This thing is huge, monolithic. Exceedingly heavy monster riffing descends from miles above, employing some of the most unorthodox and dissonant note progressions in the genre, accompanied by almost tribal sounding vicious drumming while a complete madmen screams incoherencies and blasphemies against nature. And it will not stop, not relent for an instant, the completely insane chord progressions doubling up in a vile mockery of harmony, morphing and twisting into ever new hideous forms. In some rare instants the riffing will slow down into a more recognizable form, but these will employ such despondent, soul crushing melodies that little relief is gained before the madness returns with a vengeance terrifying to behold. And even these more melodious, slower segments share in the forward, upward drive as the rest of the album, making heavy use of a technique that foregoes musical resolution in favor of ever greater musical tension.
In Jeraspunta seems to follow a kind of Nietzschean psychological development, where the formerly rational man becomes aware of the complete relativity of truth and morality, goes through an extreme existential crisis, and eventually embraces amorality and the pliability of truth, becoming one with irrationality. Except in the terrifying picture painted by Dark Tribe's music this will probably also involve ancient extra dimensional deities, the warping of reality, the physical transformation of the self into the monstrous, and extreme violence and destruction culminating in the ultimate annihilation of everything.

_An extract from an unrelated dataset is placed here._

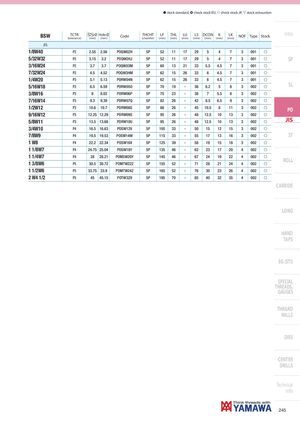 h stock standard, ) check stock EU, f check stock JP, m stock exhaustion BSW TCTR Ø Hole Ø(tolerance)(mm)(mm)CodeTHCHT(chamfer)LF(mm)THL(mm) LU(mm) LS DCON K(mm)(mm)(mm)LK(mm)NOFTypeStock Intro JIS 1/8W40 P2 2.55 2.56 POQW02H 5P 52 11 17 29 5 4 7 3 001 f 5/32W32 P2 3.15 3.2 POQW2HJ 5P 52 11 17 29 5 4 7 3 001 f SP 3/16W24 P2 3.7 3.7 POQW03M 5P 60 13 21 33 5.5 4.5 7 3 001 f 7/32W24 P2 4.5 4.52 POQW3HM 5P 62 15 26 33 6 4.5 7 3 001 f 1/4W20 P3 5.1 5.13 PORW04N 5P 62 15 26 33 6 4.5 7 3 001 f 5/16W18 P3 6.5 6.59 PORW05O 5P 70 19 - 36 6.2 5 8 3 002 f SL 3/8W16 P3 8 8.02 PORW06P 5P 75 23 - 38 7 5.5 8 3 002 f 7/16W14 P3 9.3 9.39 PORW07Q 5P 82 26 - 42 8.5 6.5 9 3 002 f 1/2W12 P3 10.6 10.7 PORW08S 5P 88 26 - 45 10.5 8 11 3 002 f PO 9/16W12 P3 12.25 12.29 PORW09S 5P 95 26 - 48 12.5 10 13 3 002 f 5/8W11 P3 13.5 13.68 PORW10U 5P 95 26 - 48 12.5 10 13 3 002 f JIS 3/4W10 P4 16.5 16.63 POSW12V 5P 105 33 - 50 15 12 15 3 002 f 7/8W9 P4 19.5 19.53 POSW14W 5P 115 33 - 55 17 13 16 3 002 f ST 1 W8 P4 22.2 22.34 POSW16X 5P 125 39 - 58 19 15 18 3 002 f 1 1/8W7 P4 24.75 25.04 POSW18Y 5P 135 46 - 62 23 17 20 4 002 f 1 1/4W71 3/8W6 P4 28 28.21 POMSW20Y 5P 145 46 - 67 24 19 22 4 002 fP530.530.72POMTW22Z5P15552-712821244002fROLL 1 1/2W6 P5 33.75 33.9 POMTW24Z 5P 165 52 - 76 30 23 26 4 002 f 2 W4 1/2 P5 45 45.15 POTW329 5P 195 70 - 85 40 32 35 4 002 f CARBIDE LONG HAND TAPS EG (STI) SPECIAL THREADS, GAUGES THREAD MILLS DIES CENTER DRILLS Technical info 245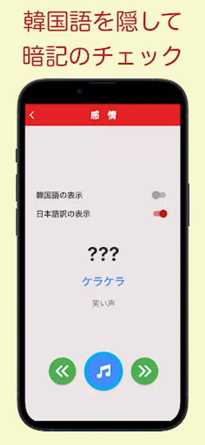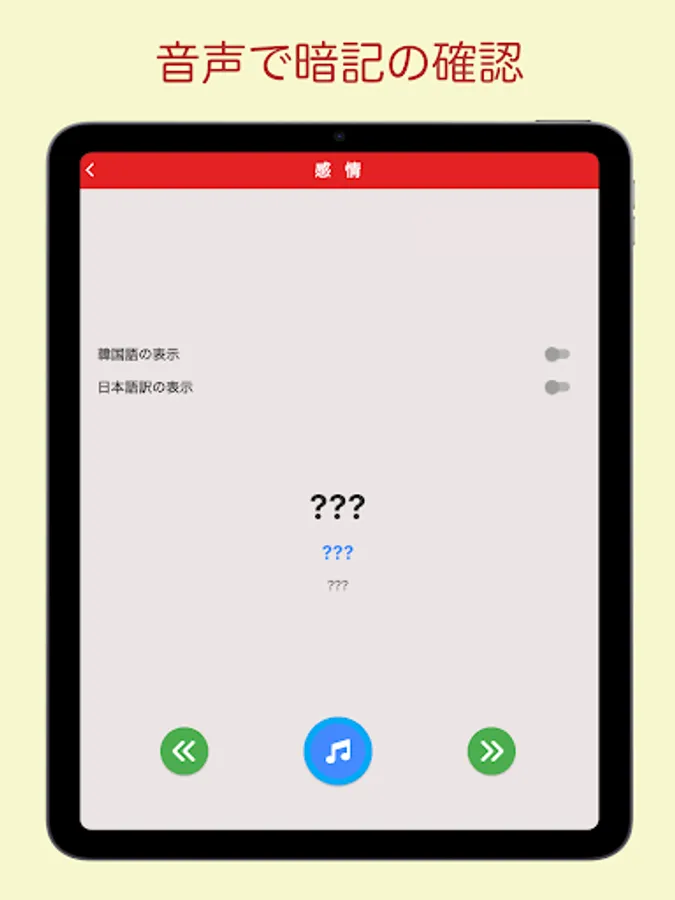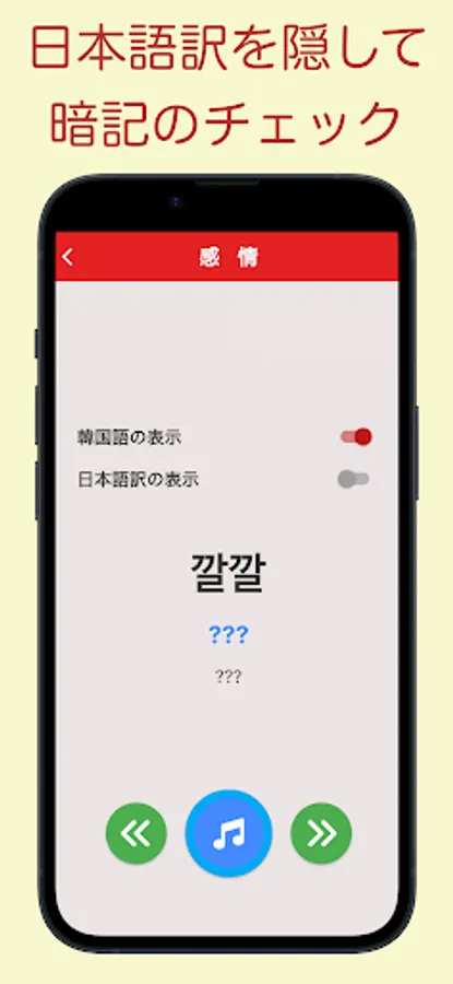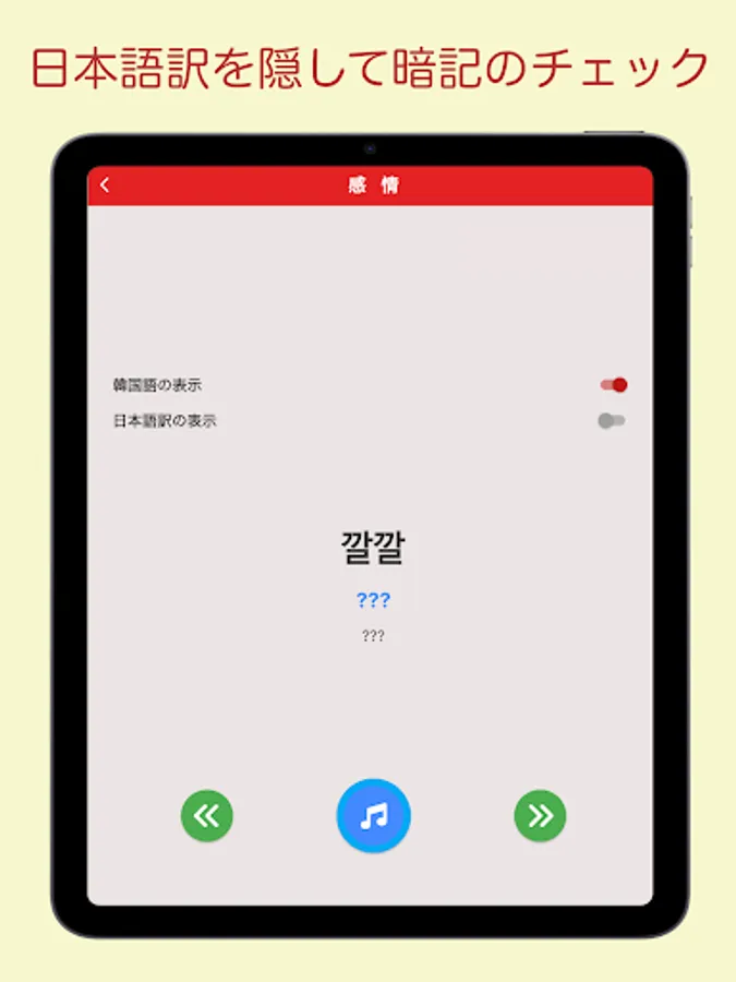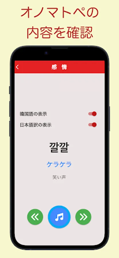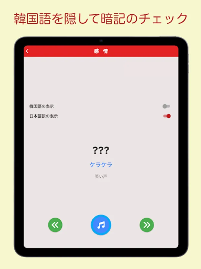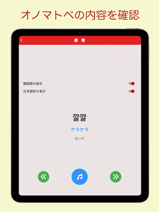 →You can check the memorization status of Korean onomatopoeia words by pronunciation and Japanese translation.

In an accomplishment defying reason, each new song on the album is even more intense and inhuman then the previous one, without fail. Where the opening salvos of Jeraspunta are still somewhat comparable to other dissonant acts, by the time the halfway point is reached any semblance with convention is completely and truly vanquished, the churning riffs inverting order and thus ascending ever onwards towards an abyss of glorious insanity.
And it is indeed glorious. As with every passing second more parts of the human self are discarded in favor of something... Other, the music starts taking on a jubilant, almost worshiping tone, subtly weaving its way throughout chunky sense crushing chordage and the insidious sway of tremolo note progressions. This aided in no small part through the clean chanting that becomes more and more prominent past the halfway mark, presenting a new type of knowledge and faith suitable to the Earth left behind after the scouring.
And then the final triptych of songs start, surpassing all others in their awe inspiring unreason and exquisite metaphysical violence, each new plateau of extremity reached painting a sublime tapestry of sundered dreams and shattered realities, exultantly moving through the carnage as only an inhuman God can. For in this new world are only two beings, the divine mad and the victims. The last song heralds the closure of the human age with the disturbing religious chanting of vocals and guitars in tandem trading places with demented riff and drum segments of such savagery and speed that the previous forty minutes of mayhem pale in comparison. Finally as the last vestiges of stability disintegrate, the last despairing melody sets in amidst the last few screamed gibberings of the dead and dying as the curtain falls for humanity. And thus, all ends.
Released during the closure of 2004, this album has stood the test of time. Eschewing the limelight, Dark Tribe remains an enigma, existing only as a shadowy collective of individuals unleashing the occasional musical terror upon man before vanishing again, leaving only their audial blasphemies behind as their legacy, to be found and appreciated only by the deserving. All those who seek something more in their music and who've found themselves in an existential conundrum and relished the freedom it ultimately provided would do best to track this down for new insights into the extreme and the breaking of boundaries. All others can stick with their reality, where metal is just music played on loud guitars in a scene that is but a reflection of modern society with its fashions, socializing and politicking, safe and mundane.
I, however, shall jump headfirst into the Abyss with Dark Tribe. Perhaps you can join us?